Advocate General considers place of performance under Recast Brussels Regulation of online provision of software

In VariusSystems digital solutions GmbH v GR Inhaberin B & G (Case C526/23), Advocate General De La Tour issued an opinion about the place of performance under Article 7(1) of the Recast Brussels Regulation ((EU) 1215/2012) for the online provision of software.
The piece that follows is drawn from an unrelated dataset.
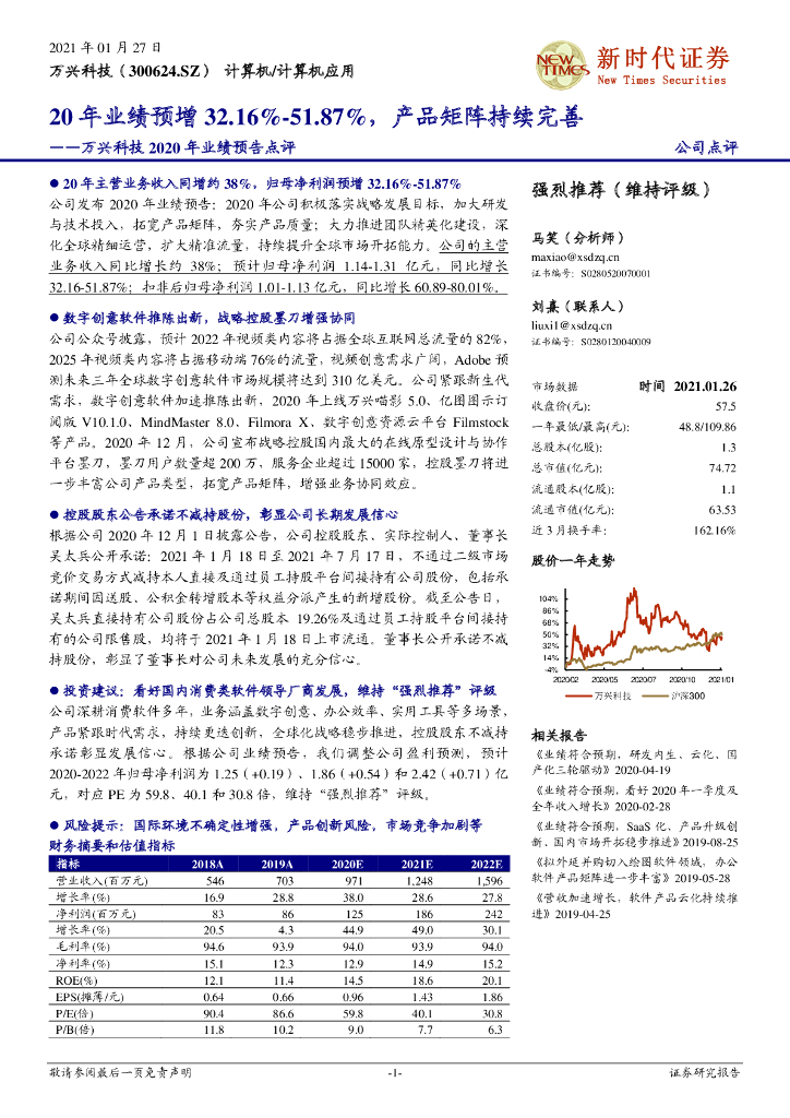 新时代证券:万兴科技2020年业绩预告点评:20年业绩预增32.16%-51.87%,产品矩阵持续完善.pdf

Article 7(1) provides where a person domiciled in one member state may be sued in another, which for contract matters is generally the courts for the place where the goods were delivered or should have been delivered, or where services were provided or should have been provided. The case arose in the context of a contract for the development and operation of the software for COVID-19 tests in Germany. It did not have a jurisdiction clause or designate a place of performance if there was a dispute. The claimant claimed payment under the contract and sued in Austria on the basis that the work had been done in Vienna. The defendant alleged defects in the software and argued that the place of performance was that of its registered office. The AG proposed that the CJEU rules that Article 7(1) must be interpreted as meaning that the place of performance of the online provision of software is, in the absence of contractual provisions permitting that place to be determined, the place in which the customer uses that software.